• _What you should do_:
Below is a listing; print exactly its lines from the one containing "六、煎野菜豆腐。鍋中加入少許" down to the one containing "The courses were", both inclusive, with every picture left out.

• _Data shown_:

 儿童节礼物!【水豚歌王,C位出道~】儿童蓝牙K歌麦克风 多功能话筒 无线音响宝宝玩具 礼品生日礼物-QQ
* * *
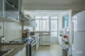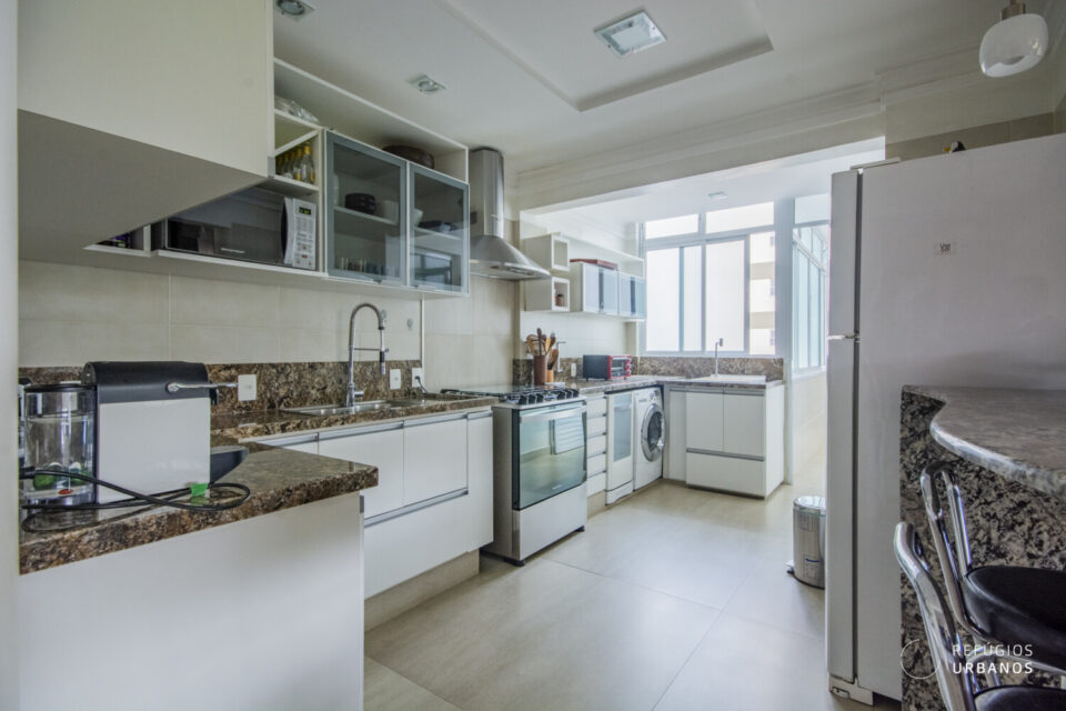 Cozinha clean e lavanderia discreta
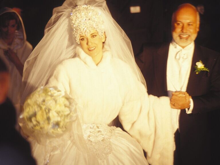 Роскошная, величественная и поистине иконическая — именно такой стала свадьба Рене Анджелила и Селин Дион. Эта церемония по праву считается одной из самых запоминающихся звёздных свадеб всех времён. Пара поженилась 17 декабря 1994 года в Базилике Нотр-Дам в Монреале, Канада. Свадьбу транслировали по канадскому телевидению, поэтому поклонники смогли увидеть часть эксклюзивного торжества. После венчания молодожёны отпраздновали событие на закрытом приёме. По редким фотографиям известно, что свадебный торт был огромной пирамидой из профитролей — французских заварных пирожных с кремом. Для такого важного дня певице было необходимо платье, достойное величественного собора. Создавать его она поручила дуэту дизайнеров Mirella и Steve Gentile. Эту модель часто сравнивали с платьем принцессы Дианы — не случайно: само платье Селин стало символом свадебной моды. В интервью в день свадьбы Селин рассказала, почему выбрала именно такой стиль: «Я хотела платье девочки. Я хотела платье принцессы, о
...
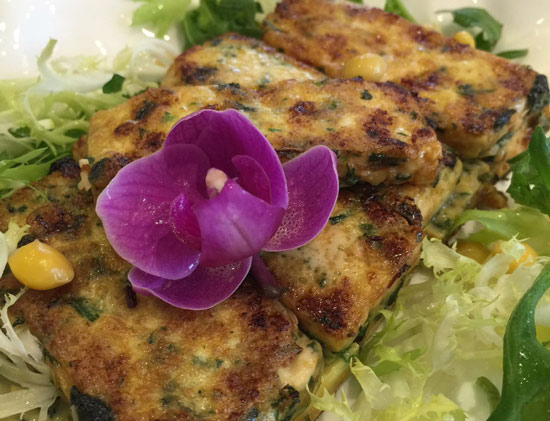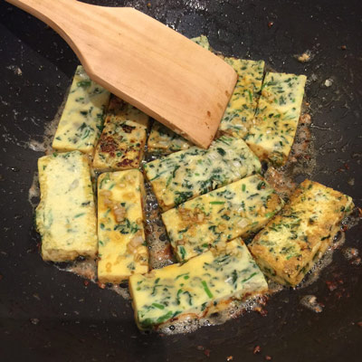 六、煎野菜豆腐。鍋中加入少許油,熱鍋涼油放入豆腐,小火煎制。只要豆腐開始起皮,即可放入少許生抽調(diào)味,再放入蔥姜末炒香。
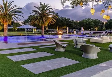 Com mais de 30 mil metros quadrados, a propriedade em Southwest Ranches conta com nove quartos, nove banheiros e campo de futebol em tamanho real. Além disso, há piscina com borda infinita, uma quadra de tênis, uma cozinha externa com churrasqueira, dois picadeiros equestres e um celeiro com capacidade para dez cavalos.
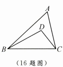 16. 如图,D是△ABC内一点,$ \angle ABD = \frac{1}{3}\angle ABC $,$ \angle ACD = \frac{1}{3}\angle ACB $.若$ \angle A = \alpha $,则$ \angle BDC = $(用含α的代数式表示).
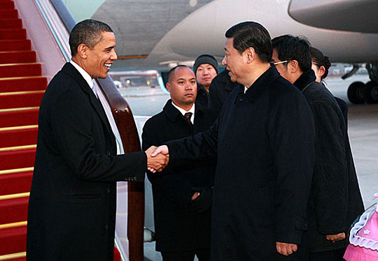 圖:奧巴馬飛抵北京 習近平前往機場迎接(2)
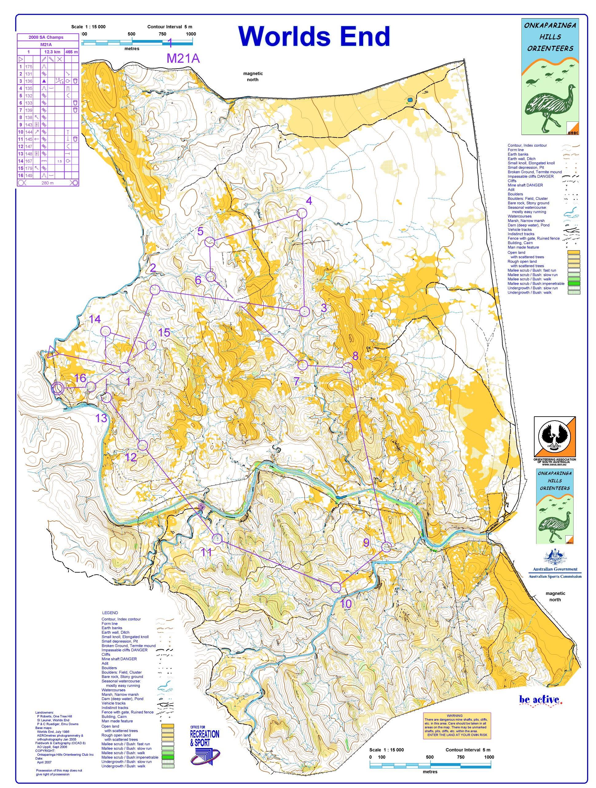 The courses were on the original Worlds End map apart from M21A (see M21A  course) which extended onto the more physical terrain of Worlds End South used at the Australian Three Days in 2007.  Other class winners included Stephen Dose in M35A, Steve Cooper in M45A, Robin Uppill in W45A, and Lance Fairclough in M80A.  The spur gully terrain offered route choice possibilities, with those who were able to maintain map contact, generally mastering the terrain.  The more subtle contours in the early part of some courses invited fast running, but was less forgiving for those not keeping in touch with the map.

• _Task response_:
 六、煎野菜豆腐。鍋中加入少許油,熱鍋涼油放入豆腐,小火煎制。只要豆腐開始起皮,即可放入少許生抽調(diào)味,再放入蔥姜末炒香。
 Com mais de 30 mil metros quadrados, a propriedade em Southwest Ranches conta com nove quartos, nove banheiros e campo de futebol em tamanho real. Além disso, há piscina com borda infinita, uma quadra de tênis, uma cozinha externa com churrasqueira, dois picadeiros equestres e um celeiro com capacidade para dez cavalos.
 16. 如图,D是△ABC内一点,$ \angle ABD = \frac{1}{3}\angle ABC $,$ \angle ACD = \frac{1}{3}\angle ACB $.若$ \angle A = \alpha $,则$ \angle BDC = $(用含α的代数式表示).
 圖:奧巴馬飛抵北京 習近平前往機場迎接(2)
 The courses were on the original Worlds End map apart from M21A (see M21A  course) which extended onto the more physical terrain of Worlds End South used at the Australian Three Days in 2007.  Other class winners included Stephen Dose in M35A, Steve Cooper in M45A, Robin Uppill in W45A, and Lance Fairclough in M80A.  The spur gully terrain offered route choice possibilities, with those who were able to maintain map contact, generally mastering the terrain.  The more subtle contours in the early part of some courses invited fast running, but was less forgiving for those not keeping in touch with the map.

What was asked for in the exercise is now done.